(Task to complete):
Copy the entries exactly. Leave out any pictures.

+++ Supplied entries +++

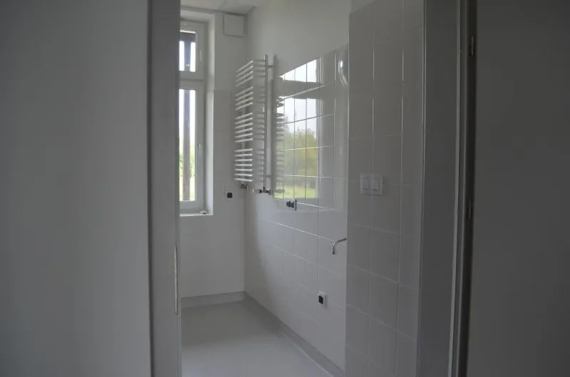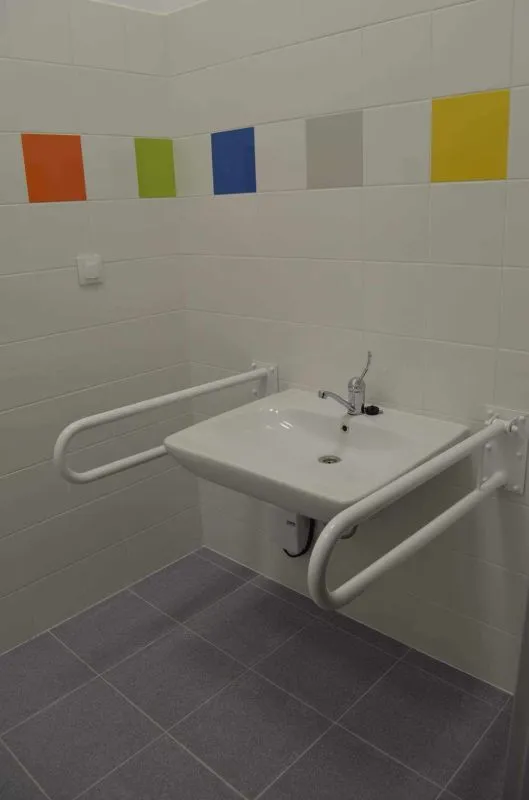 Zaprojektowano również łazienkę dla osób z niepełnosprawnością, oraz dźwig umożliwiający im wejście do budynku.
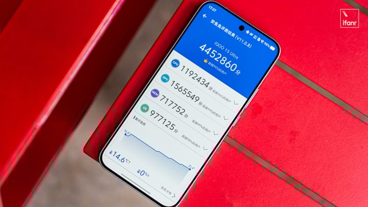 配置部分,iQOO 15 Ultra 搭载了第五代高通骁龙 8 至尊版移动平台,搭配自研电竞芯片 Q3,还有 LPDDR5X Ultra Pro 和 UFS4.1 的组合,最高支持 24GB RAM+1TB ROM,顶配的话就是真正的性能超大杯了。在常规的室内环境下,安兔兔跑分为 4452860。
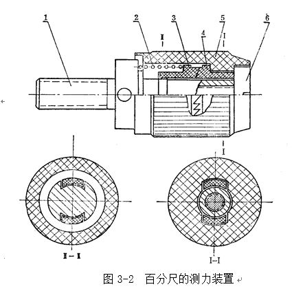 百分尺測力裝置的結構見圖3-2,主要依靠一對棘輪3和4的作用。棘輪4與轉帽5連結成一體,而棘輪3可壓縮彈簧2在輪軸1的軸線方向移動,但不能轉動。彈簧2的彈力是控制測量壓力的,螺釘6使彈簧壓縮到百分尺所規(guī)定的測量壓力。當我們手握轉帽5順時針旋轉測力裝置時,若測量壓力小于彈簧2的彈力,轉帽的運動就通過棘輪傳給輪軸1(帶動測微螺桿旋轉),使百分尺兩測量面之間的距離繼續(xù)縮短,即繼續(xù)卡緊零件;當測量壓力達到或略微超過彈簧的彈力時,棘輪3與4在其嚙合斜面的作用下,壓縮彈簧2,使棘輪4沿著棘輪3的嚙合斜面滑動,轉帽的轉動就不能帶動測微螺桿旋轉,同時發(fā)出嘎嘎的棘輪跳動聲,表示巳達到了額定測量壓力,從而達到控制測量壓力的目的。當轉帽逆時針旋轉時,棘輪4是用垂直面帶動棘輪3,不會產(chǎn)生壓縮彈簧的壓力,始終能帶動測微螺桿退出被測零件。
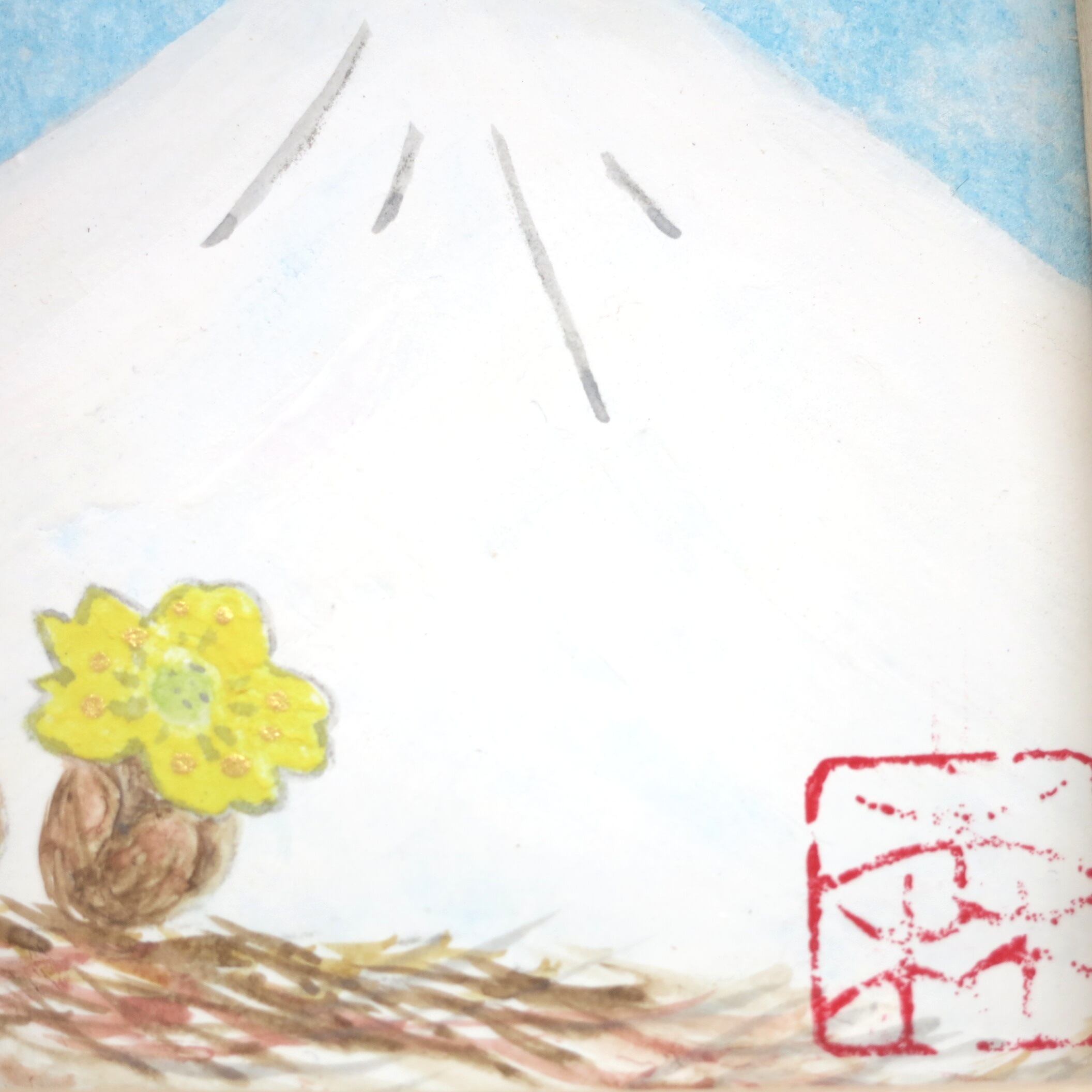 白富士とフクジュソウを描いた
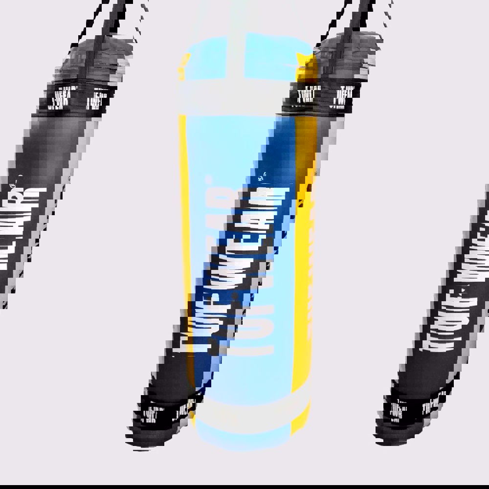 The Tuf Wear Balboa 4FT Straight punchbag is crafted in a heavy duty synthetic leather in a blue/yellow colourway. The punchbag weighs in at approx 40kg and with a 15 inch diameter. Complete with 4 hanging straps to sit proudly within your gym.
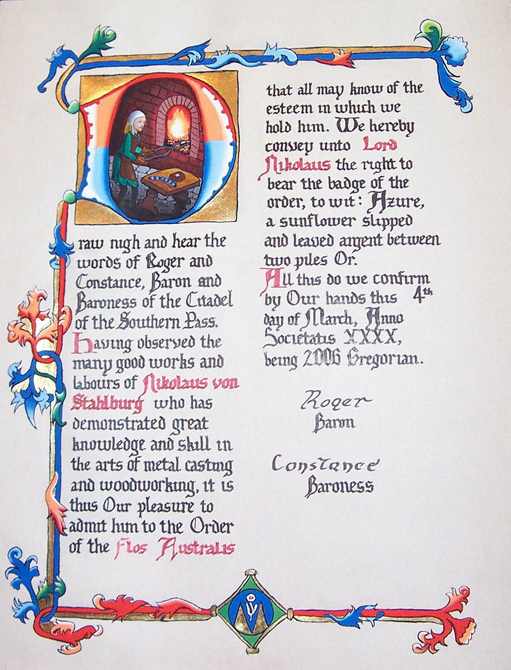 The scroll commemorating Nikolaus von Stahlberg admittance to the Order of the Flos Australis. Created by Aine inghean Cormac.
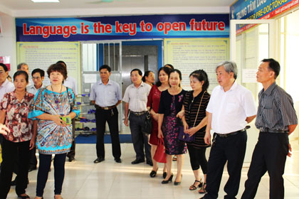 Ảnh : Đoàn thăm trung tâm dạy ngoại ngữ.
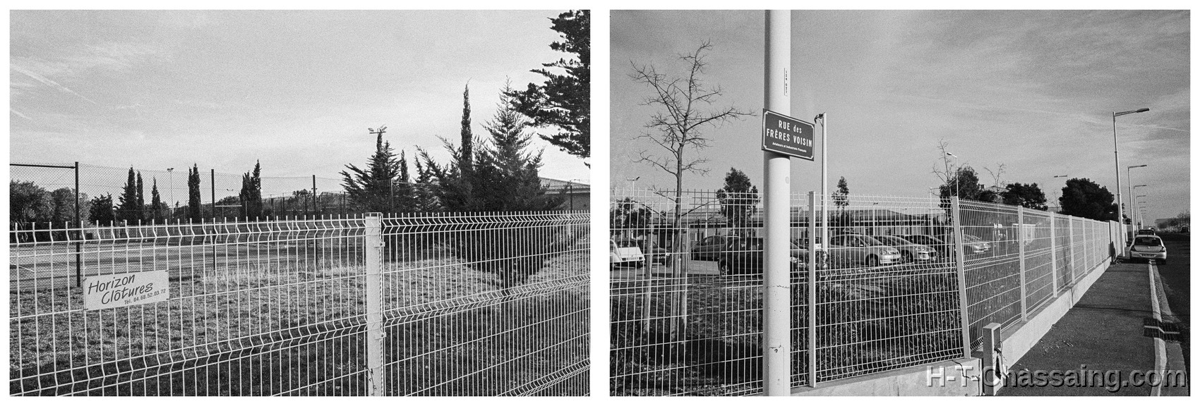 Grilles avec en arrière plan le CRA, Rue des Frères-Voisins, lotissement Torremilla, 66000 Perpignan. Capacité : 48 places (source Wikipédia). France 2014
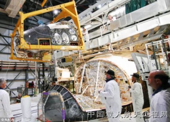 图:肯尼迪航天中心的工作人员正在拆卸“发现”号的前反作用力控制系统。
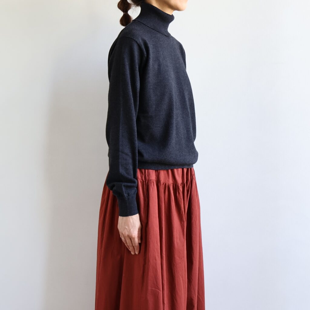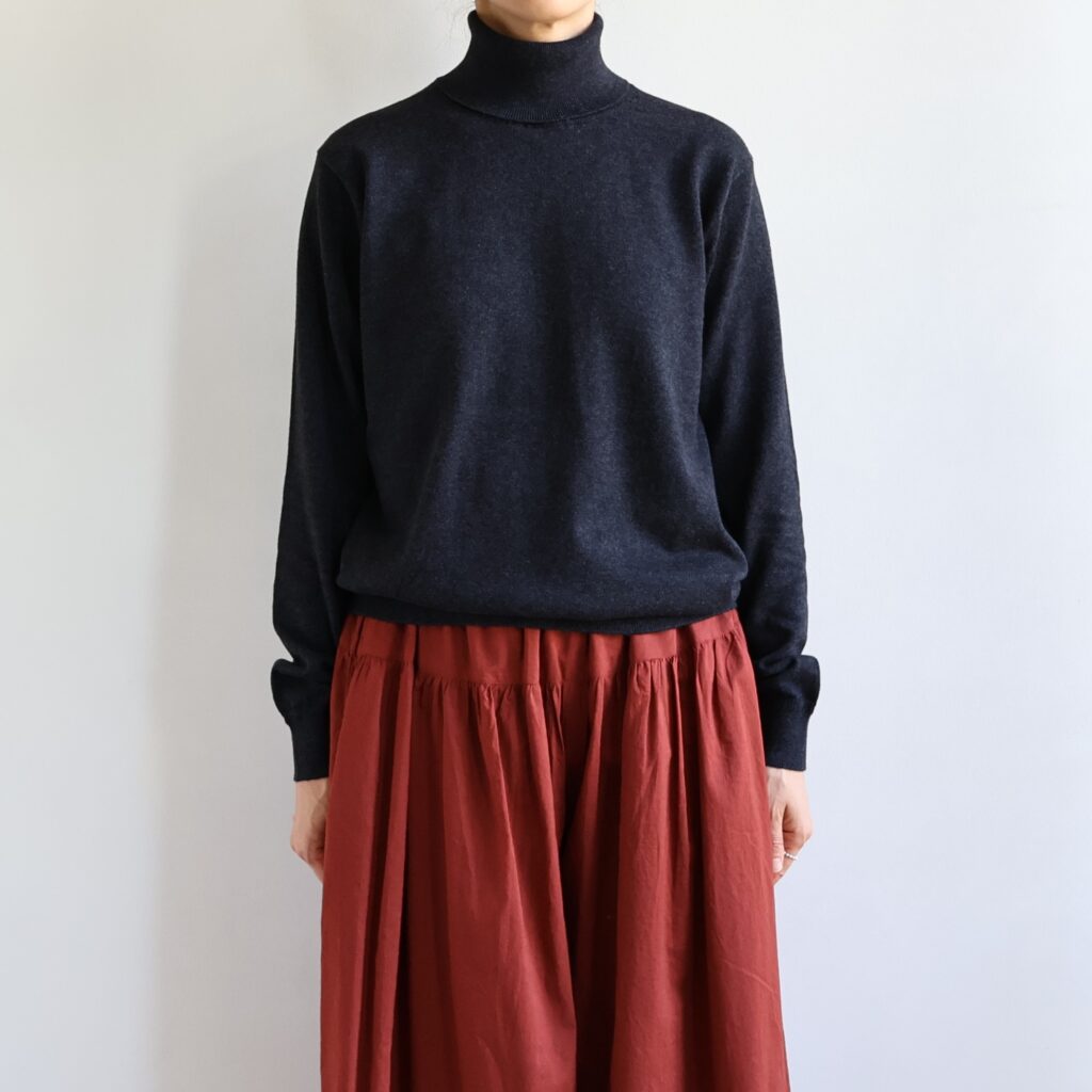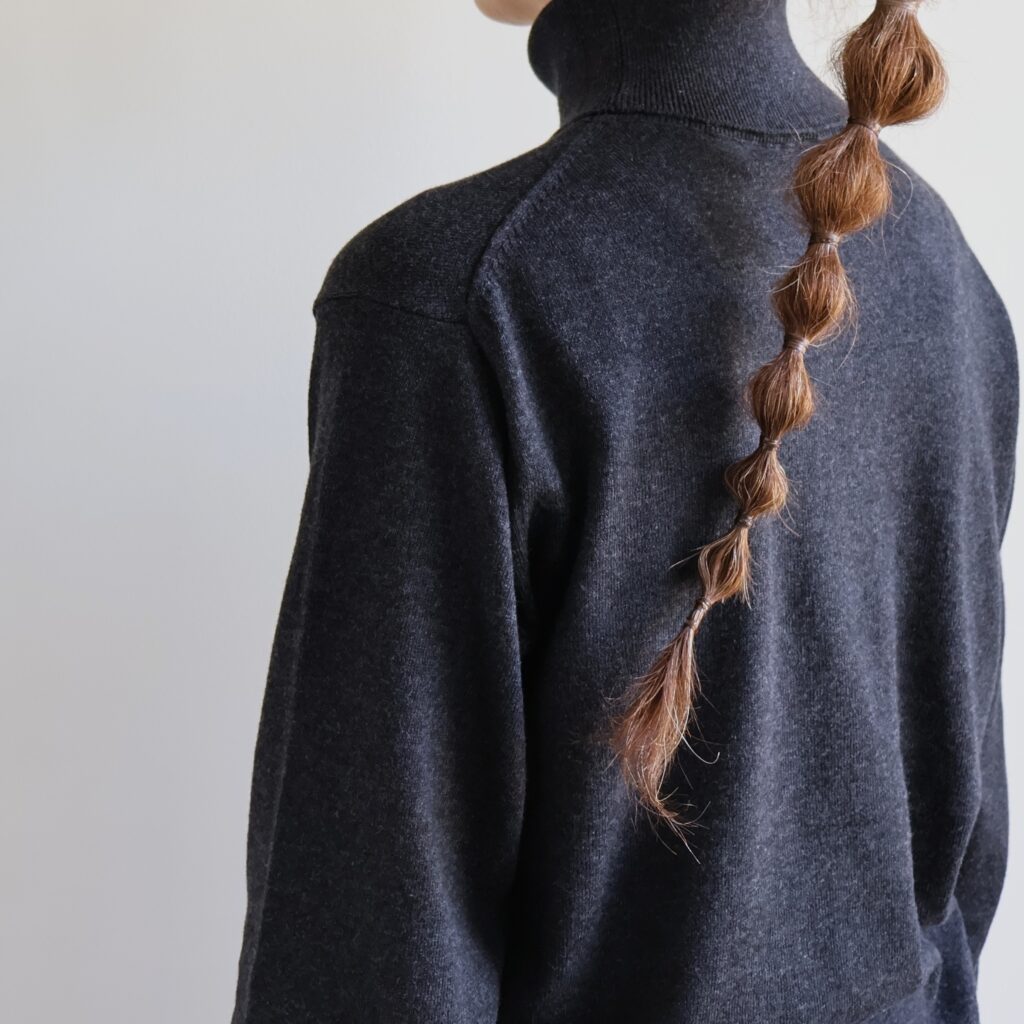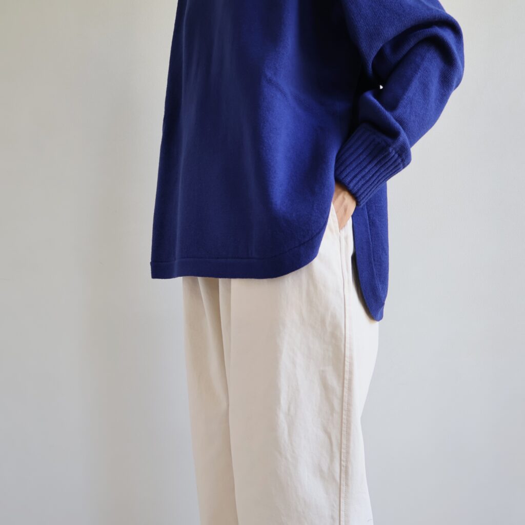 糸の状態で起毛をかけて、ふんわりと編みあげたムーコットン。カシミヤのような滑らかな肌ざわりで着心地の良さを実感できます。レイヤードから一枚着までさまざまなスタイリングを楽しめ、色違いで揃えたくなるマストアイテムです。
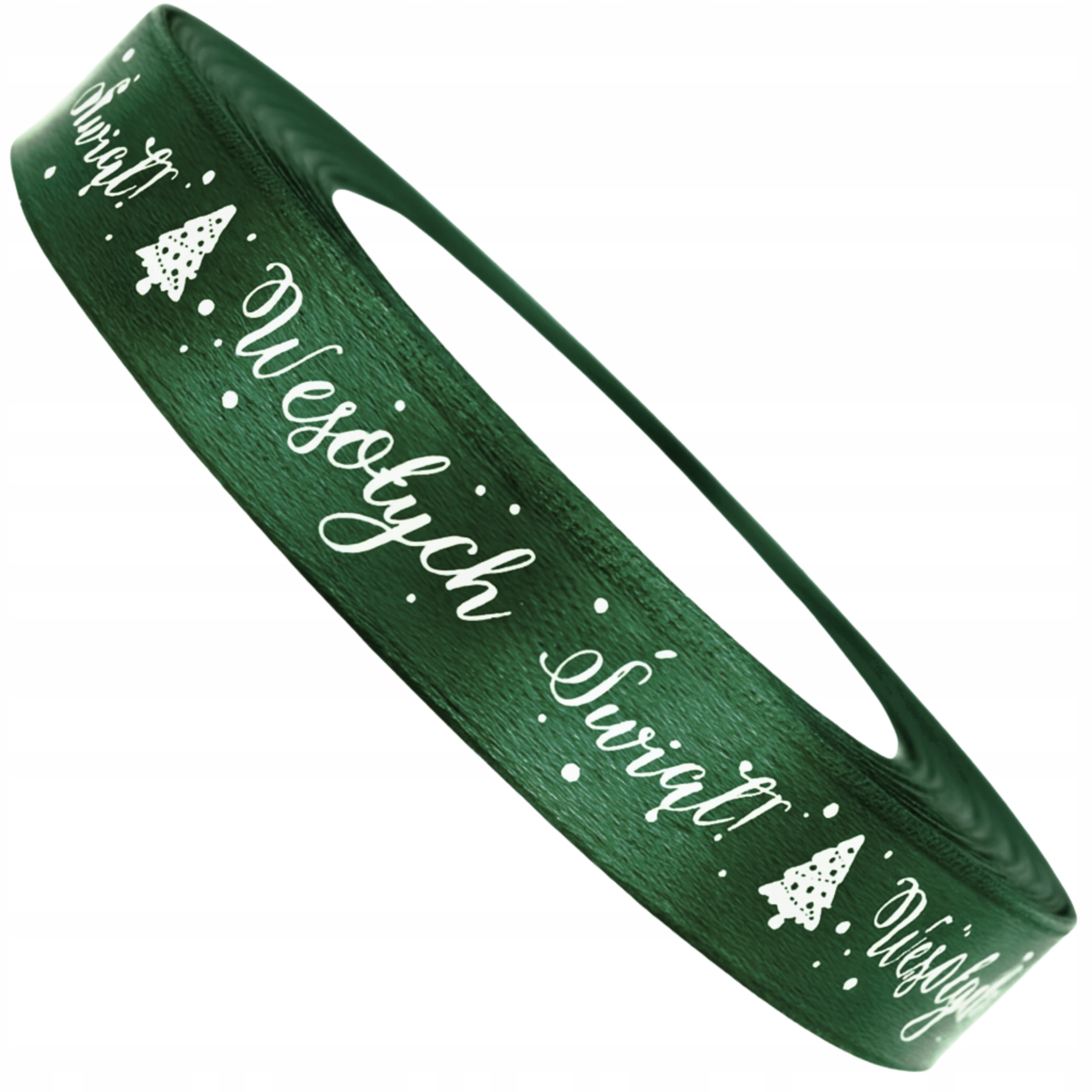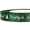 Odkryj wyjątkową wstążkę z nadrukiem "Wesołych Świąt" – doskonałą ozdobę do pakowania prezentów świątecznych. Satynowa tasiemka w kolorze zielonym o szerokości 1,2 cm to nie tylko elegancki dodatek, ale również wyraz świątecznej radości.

+++

(Response area):
 Zaprojektowano również łazienkę dla osób z niepełnosprawnością, oraz dźwig umożliwiający im wejście do budynku.
 配置部分,iQOO 15 Ultra 搭载了第五代高通骁龙 8 至尊版移动平台,搭配自研电竞芯片 Q3,还有 LPDDR5X Ultra Pro 和 UFS4.1 的组合,最高支持 24GB RAM+1TB ROM,顶配的话就是真正的性能超大杯了。在常规的室内环境下,安兔兔跑分为 4452860。
 百分尺測力裝置的結構見圖3-2,主要依靠一對棘輪3和4的作用。棘輪4與轉帽5連結成一體,而棘輪3可壓縮彈簧2在輪軸1的軸線方向移動,但不能轉動。彈簧2的彈力是控制測量壓力的,螺釘6使彈簧壓縮到百分尺所規(guī)定的測量壓力。當我們手握轉帽5順時針旋轉測力裝置時,若測量壓力小于彈簧2的彈力,轉帽的運動就通過棘輪傳給輪軸1(帶動測微螺桿旋轉),使百分尺兩測量面之間的距離繼續(xù)縮短,即繼續(xù)卡緊零件;當測量壓力達到或略微超過彈簧的彈力時,棘輪3與4在其嚙合斜面的作用下,壓縮彈簧2,使棘輪4沿著棘輪3的嚙合斜面滑動,轉帽的轉動就不能帶動測微螺桿旋轉,同時發(fā)出嘎嘎的棘輪跳動聲,表示巳達到了額定測量壓力,從而達到控制測量壓力的目的。當轉帽逆時針旋轉時,棘輪4是用垂直面帶動棘輪3,不會產(chǎn)生壓縮彈簧的壓力,始終能帶動測微螺桿退出被測零件。
 白富士とフクジュソウを描いた
 The Tuf Wear Balboa 4FT Straight punchbag is crafted in a heavy duty synthetic leather in a blue/yellow colourway. The punchbag weighs in at approx 40kg and with a 15 inch diameter. Complete with 4 hanging straps to sit proudly within your gym.
 The scroll commemorating Nikolaus von Stahlberg admittance to the Order of the Flos Australis. Created by Aine inghean Cormac.
 Ảnh : Đoàn thăm trung tâm dạy ngoại ngữ.
 Grilles avec en arrière plan le CRA, Rue des Frères-Voisins, lotissement Torremilla, 66000 Perpignan. Capacité : 48 places (source Wikipédia). France 2014
 图:肯尼迪航天中心的工作人员正在拆卸“发现”号的前反作用力控制系统。
 糸の状態で起毛をかけて、ふんわりと編みあげたムーコットン。カシミヤのような滑らかな肌ざわりで着心地の良さを実感できます。レイヤードから一枚着までさまざまなスタイリングを楽しめ、色違いで揃えたくなるマストアイテムです。
 Odkryj wyjątkową wstążkę z nadrukiem "Wesołych Świąt" – doskonałą ozdobę do pakowania prezentów świątecznych. Satynowa tasiemka w kolorze zielonym o szerokości 1,2 cm to nie tylko elegancki dodatek, ale również wyraz świątecznej radości.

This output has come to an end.